Attracted by endless shrimp, competitive-eating TikTokers and languishing inflation are what drowned the parent company of Red Lobster in so many losses that the global seafood joint was struggling to find a buyer. Now, through a bankruptcy filing, it hopes to get its financial house in order.

While not among the dozens of locations now shuttered, and it isn’t immediately clear if it will be, The Post found the fish eatery’s flagship Times Square eatery is open for business during a visit this past week.

The prime Times Square location is up for rent — and at a time amid Red Lobster’s bankruptcy announcement. EMMY PARK
The chain has long been known for its biscuits. EMMY PARK

Newmark brokers are marketing the valuable space at the base of 5 Times Square simply because its lease is up next month — and it’s a way to lure other restaurants to the space to make any renewal deal more competitive.

The asking rent for the 16,482 square feet on three levels is $2.2 million, sources say.

The Post broke the news in 2002 that the seafood mecca was heading for Times Square, and again a few months later when it finally signed what was then reported as a 10-year lease.

Since such deals come with options to renew, that initial lease was extended.

The Newmark brokers offering the space did not immediately respond to a request for comment.
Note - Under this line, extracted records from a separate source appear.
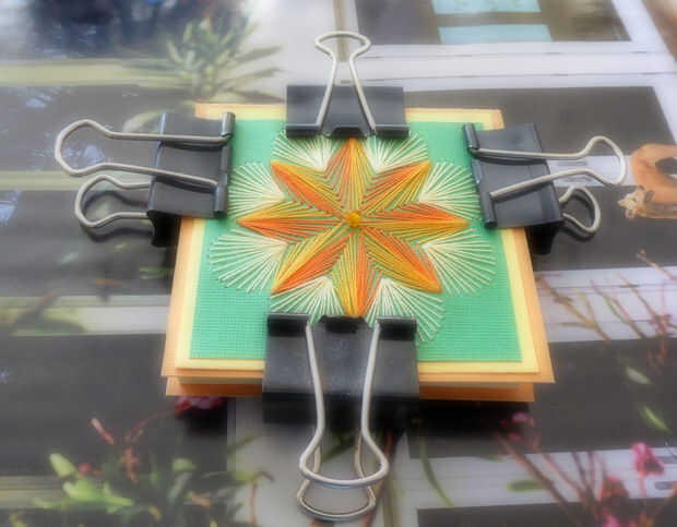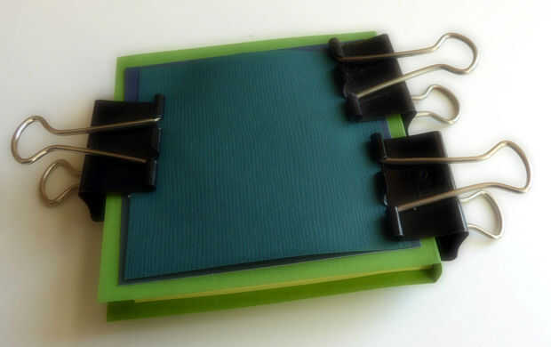 Hago muchas de ellas a la vez, así que no puedo sostener cada uno hasta que esté lo suficientemente seco como para liberarlo. Utilizar clips binder presionado los bordes pegados. Si usted está teniendo problemas para conseguir el pegamento para adherirse a lo largo del borde superior de la almohadilla de Post-it, empuje un par de clips de la carpeta lo más cerca posible a ese borde.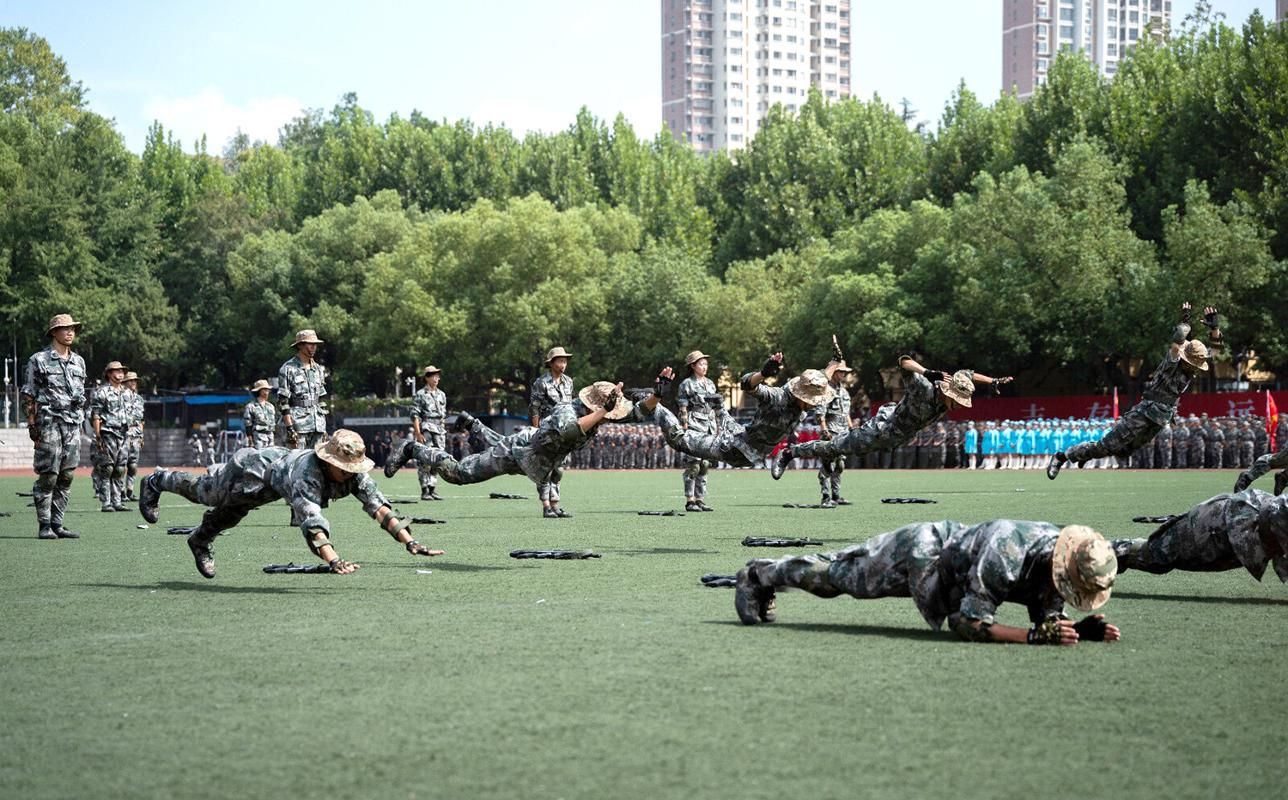 军事格斗组合、“江南(中国)利刃”战斗突击方队等军训特色课目进行了汇报展示。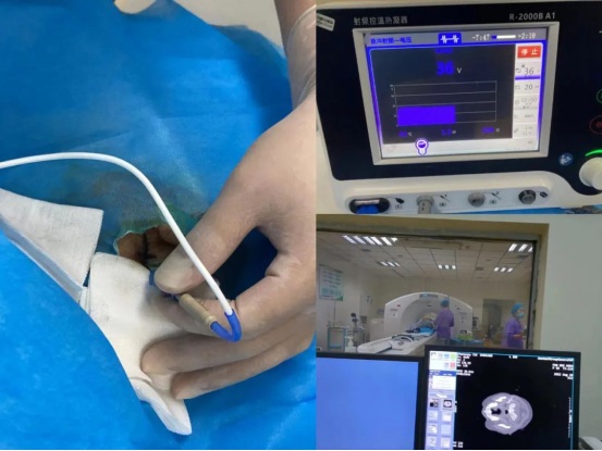 总院疼痛科医疗团队经过精细的术前准备,反复讨论优化环节,制定各种应急预案后于8月29日上午在我院PET-CT室引导技术支持下,利用CT精准定位, 历时1个小时成功为患者实施了舌咽神经脉冲射频靶向治疗。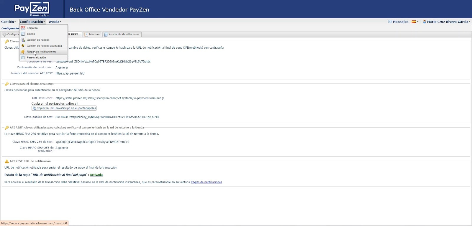 - Una vez en el Back Office de Lyra, dirígete a “Configuración” > Regla de notificaciones

The property is owned by RXR and SL Green.

Once owned by Olive Garden’s parent, Darden Capital, the sea monster of a chain was sold to Golden Gate Capital in 2014 for $2.1 billion — and again in pieces starting in 2016 to Thailand-based Thai Union, which took over completely in 2020.

The Times Square space’s lease is up in 2025. REUTERS
The chain also became a hotspot for its endless shrimp promotion. Red Lobster

Red Lobster lost $33 million in 2022. While its 650 storefronts did $2.6 billion in annual revenue in 2023, it still lost a reported $22 million due to the expansion of its popular endless shrimp promotion — and wrote off $530 million, according to the Sunday bankruptcy filing.

Although store traffic was up by 2%, as inflation and increasing wages bumped costs, many restaurant goers opted for the numerous $20 all-you-can eat shrimp options. They were expanded from just Mondays to every day and all the time, and the company had to raise the price — first to $22 and later to $25.

“We need to be much more careful regarding what is the entry point and what is the price point we’re offering for this promotion,” Thai Union CFO Ludovic Garnier said in a November earnings call. By January, the company had pulled the plug and was seeking a sale.

It was a repeat of Red Lobster’s 2003 disaster, when then-CEO Edna Morris relied on a $20 endless snow crab promotion to boost its fortunes, which sank its stock price and her job as snow crab eaters simply ate too many at a time when its market price was rising.